There's an assumption embedded in how most teams think about this risk: that even if engineers aren't retaining system knowledge as deeply as they used to, the AI is. That the reasoning is somewhere - in the model, in the chat history, retrievable if you need it. It isn't. AI coding agent sessions are stateless by default. The back-and-forth your engineer had with the agent to arrive at an architectural decision - the alternatives that were considered, the constraints that shaped the approach, the assumptions baked into the final choice - disappears when the session closes. It was never written down or committed - it lived in a conversation window, and then it didn't. The knowledge isn't shifting from human brains to AI brains; it's evaporating. Cognitive drain isn't a transfer problem. It's a loss problem.

What Cognitive Drain Looks Like Before You Name It
Part of what makes this risk hard to manage is that it doesn't produce an immediate incident - the signals are softer, earlier, and easy to rationalize as other things.

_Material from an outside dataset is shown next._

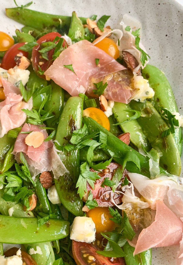 - Assemble the salad: Transfer the sugar snap peas to a serving platter. Sprinkle a generous pinch of salt over the peas, then top them with the tomatoes, scallions, cheese and herbs. Mix the dressing with the fork and drizzle it over the salad. Sprinkle on the chopped almonds. If you’re using prosciutto, you can tear the slices into pieces and nestle them around the salad.

The most diagnostic signal I've found is what happens in incident postmortems. When cognitive drain has taken hold, the team can describe what happened but struggles to explain why the system was designed to behave that way. "I'm not sure why it does that" in an incident review isn't a performance problem - it's a comprehension signal, and it surfaces there before it surfaces anywhere else.
A subtler tell is escalation creep. Mid-level engineers start routing "is this the right approach?" questions to Staff+ for decisions that should be within their existing context. It can look like healthy mentorship, but what's actually happening is that the ambient shared knowledge engineers would normally draw on quietly isn't there anymore, and the questions migrate upward to fill the gap.
Then there are pull requests that cross service boundaries or touch shared contracts with no annotation of the dependency reasoning. You can read every line of the diff and still not know why the change was made this way - what the alternative was, what constraint ruled it out, or whether the engineer who wrote it understood the contract they were modifying. Tests pass, the AI risk summary looks fine, and it ships. The decision rationale exists nowhere in the codebase - not in the PR description, not in a commit message, not anywhere.
If you're seeing any of this on your team, the drain is already underway.
The Question Underneath the Metrics
For most teams right now, the shared understanding built up before AI arrived is still doing its job. The question is how long that holds.
The question worth sitting with isn't whether you're shipping - it's whether your team understands what it has built well enough to change it with confidence. Those are different questions, and for the last several years, the answer to the first one has been standing in for the answer to the second.

AI-assisted development makes that substitution more dangerous, because it widens the gap between output and comprehension faster than anything that came before it.
The metrics will catch up eventually, and the question is whether you start measuring comprehension alongside output now, or after the first engineer surfaces from a two-week incident unable to explain why the system behaved the way it did.
Naming the risk is the first step. The next two articles in this series cover what to do about it: What Just Happened? addresses the individual practices for capturing decisions before their reasoning evaporates, and Building the Memory Layer covers how to scale those practices across an organization and prepare for the governance demands of autonomous agents. But you can't build those practices until you've accepted that the drain is real, that it's already happening, and that your current measurement system isn't set up to show it to you.
The pool still looks fine. That's the problem.